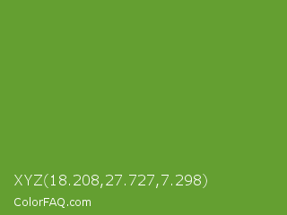 XYZ 18.208,27.727,7.298 Color is a normal green color and the nearest color is Green RYB #66b032. Hex code #649f31 and RGB value is rgb(100,159,49). In RGB color space, this color is composed of 39% red, 62% green, 19% blue, In CMYK color space, this color is composed of 37% cyan, 0% magenta, 69% yellow , 38% black , In HSL color space, this color has a hue angle of 92° , 53% saturation and 41% lightness.
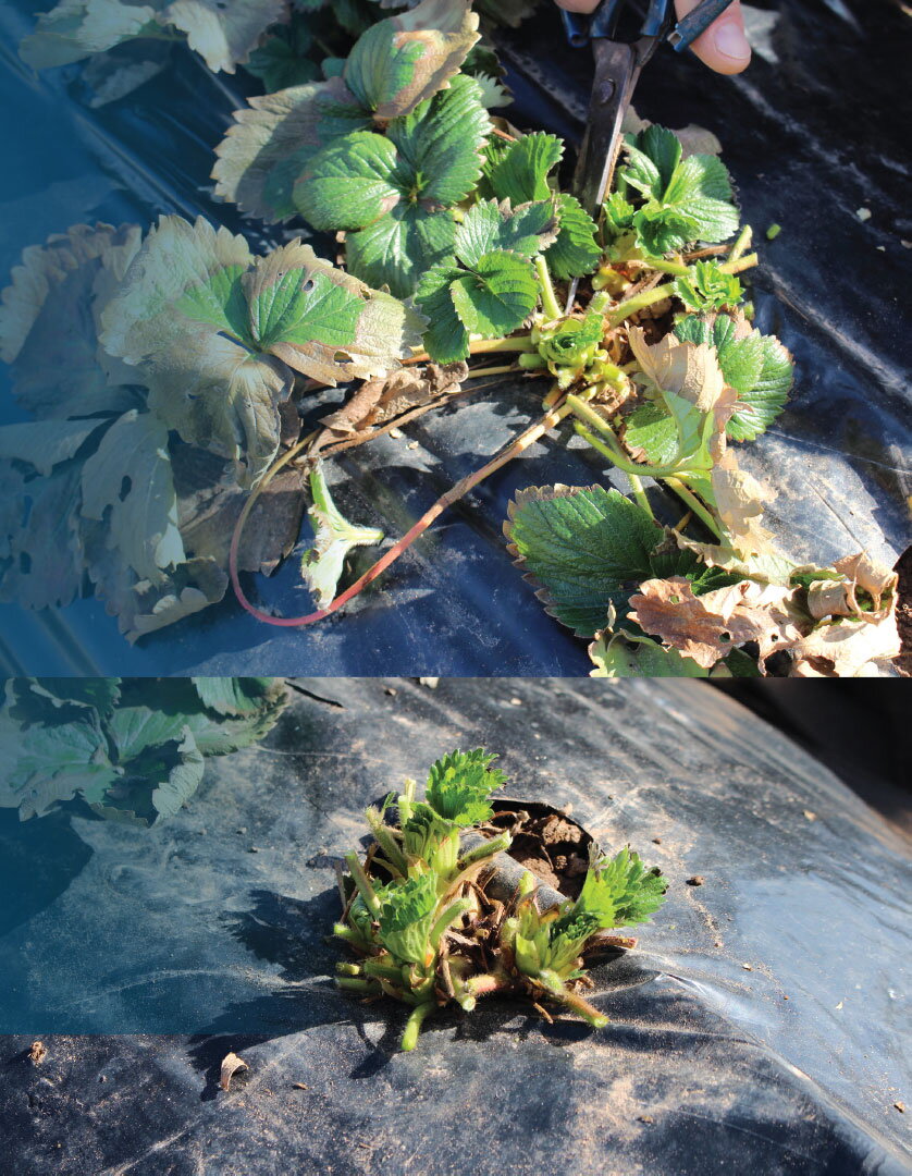 Krajem zime, redovno obilazite plantaže jagode, i kada na većini biljaka uočite pojavu zelenih vrhova na bokornicama nastupila je ova fenofaza... ovo je momenat kad treba započeti čišćenje biljaka jagode... kada se pojave zeleni pupoljci na bokornicama uklanja se staro lišće, kao i cvetne grane ukoliko ih ima, te stoloni... čišćenje biljaka jagode nemojte raditi prerano, i napravite dobru procenu za koju je važno Vaše iskustvo, kako je ova aktivnost specifi čna za svaku lokaciju na kojoj se uzgaja jagoda... orentaciono, većina proizvođača jagode u regiji čišćenje obavlja u prvoj polovini meseca februara ukoliko se radi o uzgoju u visokim tunelima, a na otvorenom polju nešto kasnije... ukoliko prerano uradite čišćenje biljaka jagode postoji mogućnost da rodni pupoljci budu oštećeni do niskih temperatura koje nakon toga uslede... mnogi proizvođači se oslanjaju na prekrivanje biljaka jagode agrilom, ne vodeći računa da u uslovima izrazito niske temperature ispod istog može doći do stvaranja mikroklimata zbog čega štete budu još veće... za sprečavanje šteta od niskih temperatura pogledajte PLAN c specijalne ishrane biljaka jagode... ovo još nije momenat za prvu primenu đubriva, obzirom da se zemljište još nije dovoljno zagrijalo da bi koren bio aktivan... početni rast i razvoj biljaka jagode u ovom momentu zavisi od hrane uskladištene prethodne sezone, zbog čega je godina sadnje od izuzetnog značaja za planiranje ishrane... pre planiranja ishrane biljaka jagode, napravite dobru procenu o rezervama hrane iz sezone sadnje… NIKADA NEMOJTE PRIMENJIVATI ĐUBRIVA BEZ PRETHODNE PROCENE… nakon čišćenja starog, promrzlog i odumrlog lišća sa biljaka jagode, proizvođači uobičajeno praktikuju odgovarajuću zaštitu kombinacijom preparata na bazi bakra i sumpora, a za jedinstvena rešenja koja preporučuje naš tim stručnjaka pogledajte PLAN D... ukoliko se uzgoj organizuje u zaštićenom prostoru, u kojem je zbog toplog vremena uočeno prisustvo lisne uši, ili ostalih insekata štetočina, planirati i odgovarajući tretman za njihovu kontrolu... ISPRAVAN POČETAK SEZONE PRVI JE PREDUSLOV DA ISTI TAKAV BUDE I KRAJ...
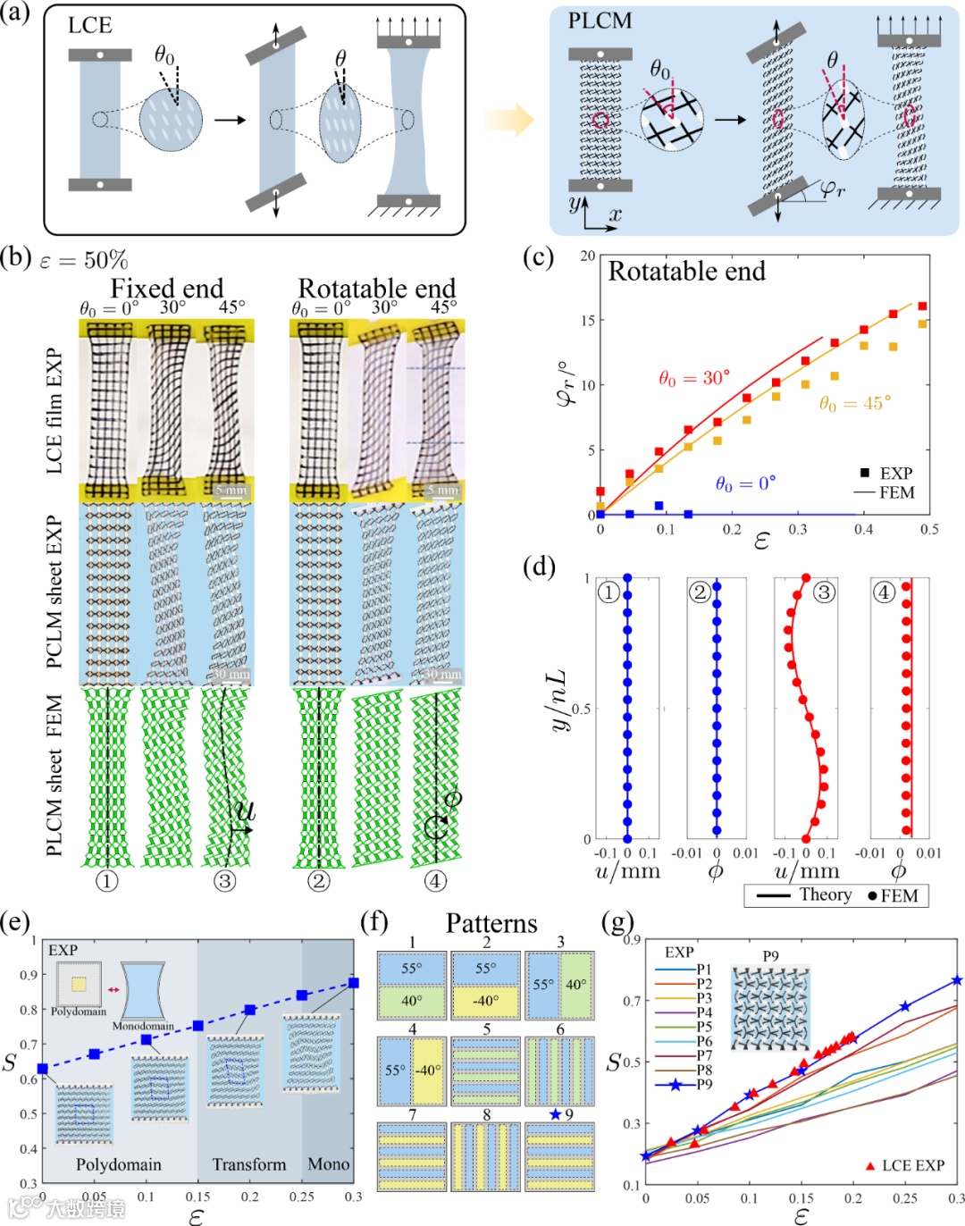 图2. PLCM薄膜力学响应与相变行为:(a)-(b) LCE与PLCM薄膜在不同条件下的拉伸变形对比。(c)-(d) 边界旋转角度实验测量与理论预测。(e) 拉伸过程中有序度变化。(f)-(g) 多畴分布设计及与真实LCE相变过程对比。
____
Please set down the lines above word for word and leave out the pictures.

WRITTEN ANSWER »
 XYZ 18.208,27.727,7.298 Color is a normal green color and the nearest color is Green RYB #66b032. Hex code #649f31 and RGB value is rgb(100,159,49). In RGB color space, this color is composed of 39% red, 62% green, 19% blue, In CMYK color space, this color is composed of 37% cyan, 0% magenta, 69% yellow , 38% black , In HSL color space, this color has a hue angle of 92° , 53% saturation and 41% lightness.
 Krajem zime, redovno obilazite plantaže jagode, i kada na većini biljaka uočite pojavu zelenih vrhova na bokornicama nastupila je ova fenofaza... ovo je momenat kad treba započeti čišćenje biljaka jagode... kada se pojave zeleni pupoljci na bokornicama uklanja se staro lišće, kao i cvetne grane ukoliko ih ima, te stoloni... čišćenje biljaka jagode nemojte raditi prerano, i napravite dobru procenu za koju je važno Vaše iskustvo, kako je ova aktivnost specifi čna za svaku lokaciju na kojoj se uzgaja jagoda... orentaciono, većina proizvođača jagode u regiji čišćenje obavlja u prvoj polovini meseca februara ukoliko se radi o uzgoju u visokim tunelima, a na otvorenom polju nešto kasnije... ukoliko prerano uradite čišćenje biljaka jagode postoji mogućnost da rodni pupoljci budu oštećeni do niskih temperatura koje nakon toga uslede... mnogi proizvođači se oslanjaju na prekrivanje biljaka jagode agrilom, ne vodeći računa da u uslovima izrazito niske temperature ispod istog može doći do stvaranja mikroklimata zbog čega štete budu još veće... za sprečavanje šteta od niskih temperatura pogledajte PLAN c specijalne ishrane biljaka jagode... ovo još nije momenat za prvu primenu đubriva, obzirom da se zemljište još nije dovoljno zagrijalo da bi koren bio aktivan... početni rast i razvoj biljaka jagode u ovom momentu zavisi od hrane uskladištene prethodne sezone, zbog čega je godina sadnje od izuzetnog značaja za planiranje ishrane... pre planiranja ishrane biljaka jagode, napravite dobru procenu o rezervama hrane iz sezone sadnje… NIKADA NEMOJTE PRIMENJIVATI ĐUBRIVA BEZ PRETHODNE PROCENE… nakon čišćenja starog, promrzlog i odumrlog lišća sa biljaka jagode, proizvođači uobičajeno praktikuju odgovarajuću zaštitu kombinacijom preparata na bazi bakra i sumpora, a za jedinstvena rešenja koja preporučuje naš tim stručnjaka pogledajte PLAN D... ukoliko se uzgoj organizuje u zaštićenom prostoru, u kojem je zbog toplog vremena uočeno prisustvo lisne uši, ili ostalih insekata štetočina, planirati i odgovarajući tretman za njihovu kontrolu... ISPRAVAN POČETAK SEZONE PRVI JE PREDUSLOV DA ISTI TAKAV BUDE I KRAJ...
 图2. PLCM薄膜力学响应与相变行为:(a)-(b) LCE与PLCM薄膜在不同条件下的拉伸变形对比。(c)-(d) 边界旋转角度实验测量与理论预测。(e) 拉伸过程中有序度变化。(f)-(g) 多畴分布设计及与真实LCE相变过程对比。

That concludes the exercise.